Stock Analysis

Reflecting on AMP's (ASX:AMP) Share Price Returns Over The Last Five Years

ASX:AMP
Source: Shutterstock

AMP Limited (ASX:AMP) shareholders should be happy to see the share price up 12% in the last month. But that can't change the reality that over the longer term (five years), the returns have been really quite dismal. Indeed, the share price is down 71% in the period. So we're not so sure if the recent bounce should be celebrated. Of course, this could be the start of a turnaround.

View our latest analysis for AMP

Given that AMP didn't make a profit in the last twelve months, we'll focus on revenue growth to form a quick view of its business development. Generally speaking, companies without profits are expected to grow revenue every year, and at a good clip. As you can imagine, fast revenue growth, when maintained, often leads to fast profit growth.

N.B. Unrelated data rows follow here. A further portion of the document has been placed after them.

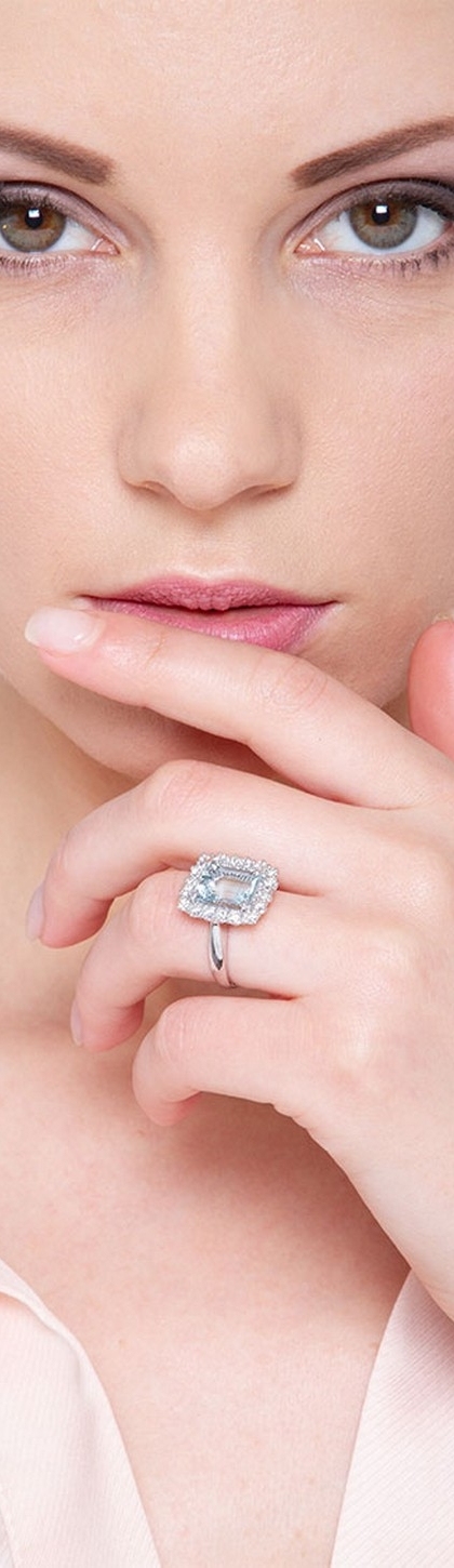 Anillo en oro blanco 18k con aguamarina y halo en diamantes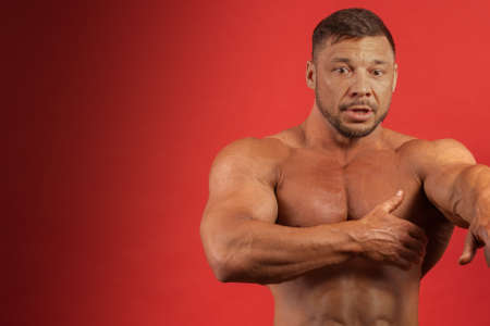 Young male athlete bodybuilder in a black sleeveless vest and shorts posing on a red background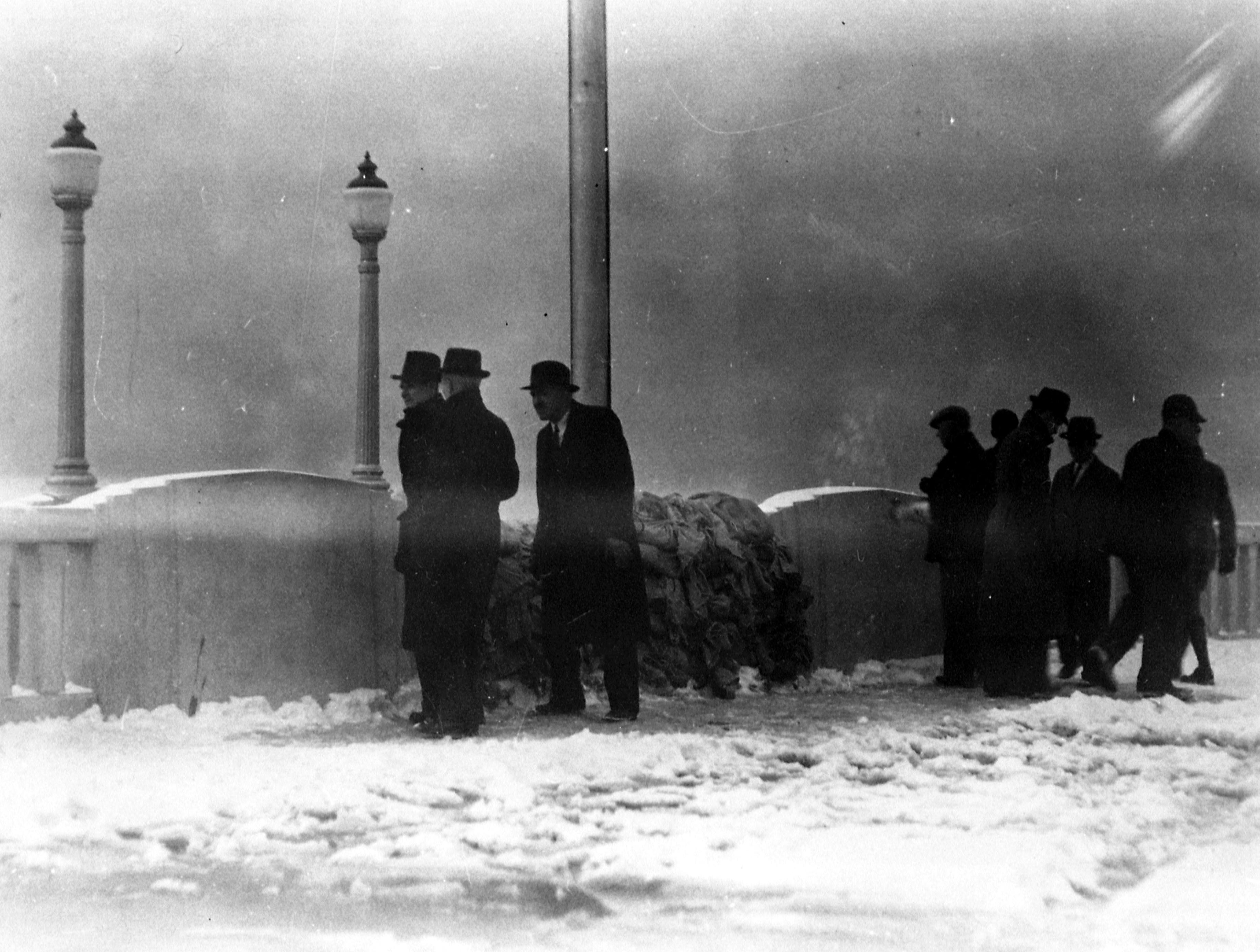Men standing on bridge overlooking Dress Plaza, snow on ground. Empty sandbags hanging on bridge.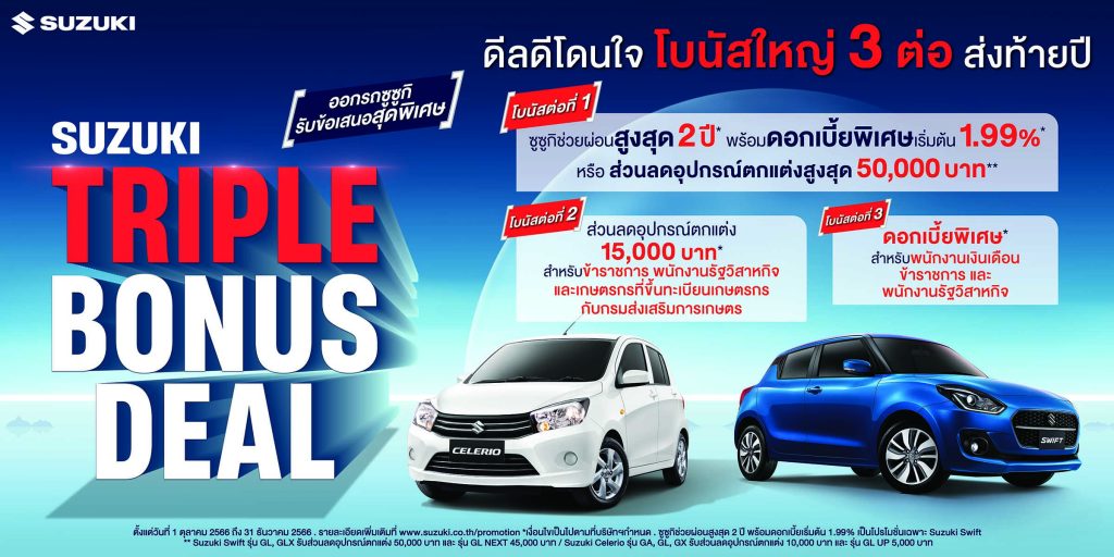 ซูซูกิ ยังเตรียมข้อเสนอสุดพิเศษสำหรับลูกค้าทุกท่านให้สามารถเป็นเจ้าของรถยนต์ซูซูกิทุกรุ่นได้ง่ายยิ่งขึ้น เพียงจองรถภายในงานมหกรรมยานยนต์นี้ รับแคมเปญพิเศษ “SUZUKI TRIPLE BONUS DEAL” ดีลโดนใจ โบนัสใหญ่ 3 ต่อ ส่งท้ายปี มอบให้ลูกค้าที่จองและรับรถยนต์ซูซูกิ ตั้งแต่วันนี้ถึง วันที่ 31 ธันวาคม 2566 ซูซูกิช่วยผ่อน เดือนละ 1,500 บาท นาน 2 ปี หรือ เลือกรับส่วนลดอุปกรณ์ตกแต่งสูงสุด 50,000 บาท (เฉพาะรุ่นที่ร่วมรายการ) หรือเลือกรับดอกเบี้ยพิเศษ 0% พิเศษ! ส่วนลดเพิ่มเติมอีก 15,000 บาท สำหรับข้าราชการ รัฐวิสาหกิจ บุคลากรทางการแพทย์ หรือ เกษตรกรผู้ขึ้นทะเบียนเกษตรกร พร้อม ฟรีประกันภัยชั้นหนึ่งในปีแรกสำหรับรถยนต์ซูซูกิทุกรุ่น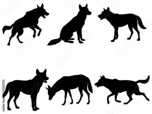 wolf, cut-out, howling, animal themes, illustration, vector, black-and-white, running, animal, playful, pet, silhouette, bundle, black, wild animal, set, cartoon, jump, collection, character, design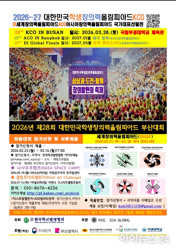 [아이뉴스24 이윤 기자] 대한민국 최대 규모의 학생 창의력 경연대회인 ‘2026 제28회 대한민국학생창의력올림피아드(KCO)’가 내달 28일 부산 국립부경대학교 체육관에서 화려하게 막을 올린다.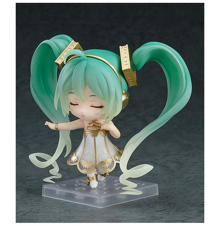 From "Character Vocal Series 01: Hatsune Miku" comes a Nendoroid of Hatsune Miku based off of the main visual from the full orchestra concert "Hatsune Miku Symphony 2020 ~5th Anniversary~". The Nendoroid faithfully captures the beautiful design originally illustrated by Rella. She comes with two face plates including a smiling expression and an expression with closed eyes.

In the last half decade, AMP saw its revenue increase by 1.0% per year. That's far from impressive given all the money it is losing. Nonetheless, it's fair to say the rapidly declining share price (down 11%, compound, over five years) suggests the market is very disappointed with this level of growth. While we're definitely wary of the stock, after that kind of performance, it could be an over-reaction. A company like this generally needs to produce profits before it can find favour with new investors.

The image below shows how earnings and revenue have tracked over time (if you click on the image you can see greater detail).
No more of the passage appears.